Tuesday, November 9, 2010

Funk

I'm in a funk.

We're not talking about a mild case of the Mondays, but a full out thunderstorm of gloom pierced through by bolts of apathetic rage, draping the sunnier parts of my personality in a light coat of annoyed frustration. This funk is bulletproof, unreceptive to the simple charms of Glee, impervious to sharing a cold one with friends; I don't even feel like celebrating Halloween, and typically I find nothing more enjoyable than having any excuse to dress up like a pirate and terrorize the school.

But this year, I don't even hand out candy. The blues has been ringing in my ears for the better part of two weeks, and I'm starting to wish the band would just shut the hell up.

It's hard to pinpoint when exactly the funk started, professionally I'm kicking more ass then I ever have, when I stop lecturing more often then not the class lets out a giant "awwww." But for all my success, I find myself dissatisfied with both my performance and my impact as a teacher.

Seniors I have worked with for years, bright kids who should be applying to Cal States, won't fill out college applications or take their SAT's. Four years of coaxing them, teaching them, encouraging them to believe in themselves, and they won't take the final steps towards higher matriculation. If they don't get in their college applications by Thanksgiving, they've missed the deadline for next year.

If the entire goal of high school is to prepare students for college, but they won't even bother to apply, what is the point of this entire exercise? I tell them to stop by my room, that I'll help them with their applications and proofread their essays during my planning period or after school.

No one ever comes.

Then there are the troublesome students, the kids who are killing time until they turn 18. As a point of pride, I believe I should be able to manage any troublesome student, no matter how belligerent, obnoxious, or disruptive - I think I can handle it. Wrong, Leiken, wrong. Some things are out of your control. I push a student too hard, and I find myself almost getting hit.

Master teacher, indeed...

But hey, at least I'm not in jail. Unlike my friend Carlee who has been ordered to do eight months for her second DUI.

She’s in a funk as well, one caused by being locked in a small cell and being unable to see sunlight. She writes they only let the inmates outside once every two weeks to play basketball in a court covered by a thick wire mesh, intentionally designed to prevent the prisoners from fully enjoying the outdoors, to glimpse only slivers of blue sky between steel cords of cold metal.

Carlee’s been a friend for years, I know her through her ex-husband whom I met in the teachers intern program. Before her DUI, Carlee worked as a teacher on an Indian reservation, dedicating her life to trying to improve the lives of those who are less fortunate. A graduate from UCLA, Carlee has no criminal record and no history of violence, she would blend into any college campus.

But the moment that Carlee was declared a felon was the moment she ceased to be a person.

All societies require sacrifices - we may not plunge daggers into a victim’s chest cavity to pull out a beating heart, but declaring someone a felon destroys the individual all the same.
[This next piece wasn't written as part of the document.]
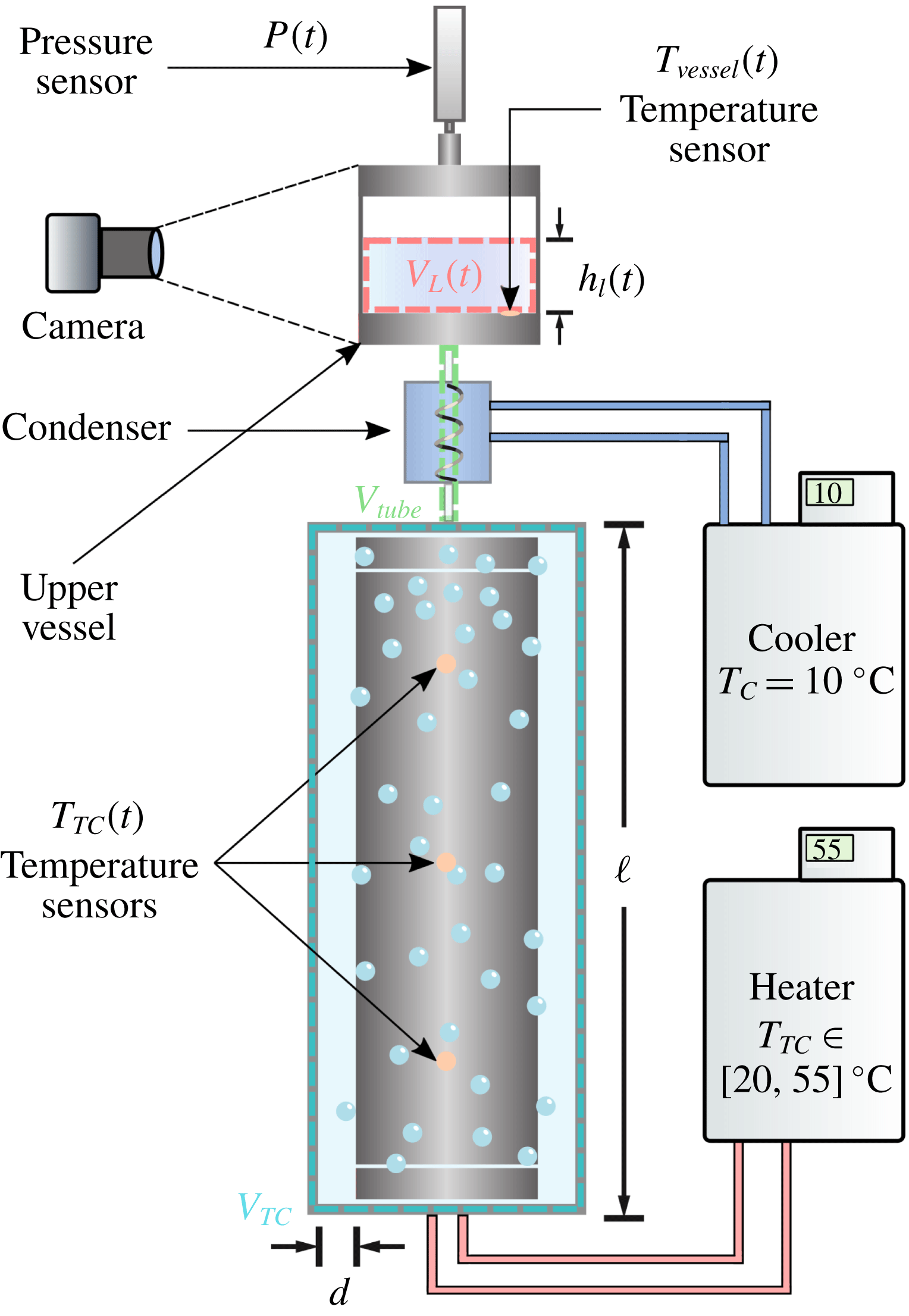 . In order to allow for liquid expansion due to changes in temperature, the cell is connected to a transparent closed cylindrical container which we refer to as the upper vessel. The cell and the upper vessel are connected via plastic tubing and an aluminium heat exchanger which is in direct contact with a water liquid bath. The coil and the liquid bath form a very efficient condenser that condenses liquid back into the cell. The cell of the BTTC, the upper vessel and the tubing that connects them form a closed reservoir; neither liquid nor vapour can leak out of the system.

Hester could move to a new town and remove her scarlet letter, but with computers Carlee’s brand will follow her no matter what she does or where she goes. Her freedom to travel, her ability to get a job, to vote, even to volunteer to work with children – gone.

My father explained that the more savage district attorney's are to drunk drivers, the more popular they become. When it comes to drunk driving, no amount of punishment is excessive, the more drunks DA's lock up, the better their chances of getting reelected. Drunk driving isn't just a crime, in the eyes of American society, it's a sin.
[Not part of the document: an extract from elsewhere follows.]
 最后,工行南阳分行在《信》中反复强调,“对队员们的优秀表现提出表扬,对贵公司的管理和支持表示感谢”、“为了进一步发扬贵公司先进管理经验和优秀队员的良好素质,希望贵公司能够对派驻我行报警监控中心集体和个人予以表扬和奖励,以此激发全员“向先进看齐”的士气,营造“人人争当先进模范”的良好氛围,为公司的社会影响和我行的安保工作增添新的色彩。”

And like all sinners, Carlee can’t be redeemed without first being purged. The DA isn’t out for justice, the DA is out for Carlee’s blood - with a 96% conviction rate, Carlee’s fate is sealed.

For breaking her boyfriend’s arm in a car crash, Carlee is charged with a felony. The boyfriend doesn't want to press charges, but to the DA, that’s immaterial. He hands Carlee the standard eight months, but will let her out in four with good behavior. Carlee is charged for the cost of cleaning up the crash, her DUI classes, and is given three years probation which she has pay for her out of her own pocket in addition to thousands of dollars in fines.
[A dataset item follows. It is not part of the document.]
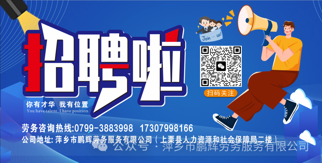 温馨提示:由于微信修改了推送规则,没有经常点“在看”的,会慢慢收不到推送。如果你还想看到我们发布的招聘信息,请将“萍乡市鹏辉劳务服务有限公司”加为星标,每次看完后别忘记点下“赞”“在看”。

The Indian reservation, with its strict child protection policies, fires her. She's a felon - she'll probably never teach again. How she’ll find work without a driver’s license or start a career with a felony on her record is not the state’s problem. As far as society is concerned, she screwed up, and now she has to pay for it – forever.

Two weeks ago I made the trip out to Riverside to visit Carlee in the county jail. Dressed in prison blues, Carlee’s hair is a tangled mess, skin ghoulish and pale, eyes bloodshot and riddled with pain. I pick up the black receiver and we talk. Separated by two inches of bulletproof glass, I press my hand up against the pane. Carlee counters by raising her hand up as well, and for a moment, there is no conversation; nothing is said, nothing is spoken, for there are no words in English or any other language that can fully express our mutual sorrow.

By the time I leave I’m angrier and more disappointed then ever before – disappointed at the system for locking up good people, disappointed for not being able to do more to help my friend, disappointed at feeling powerless to prevent injustice.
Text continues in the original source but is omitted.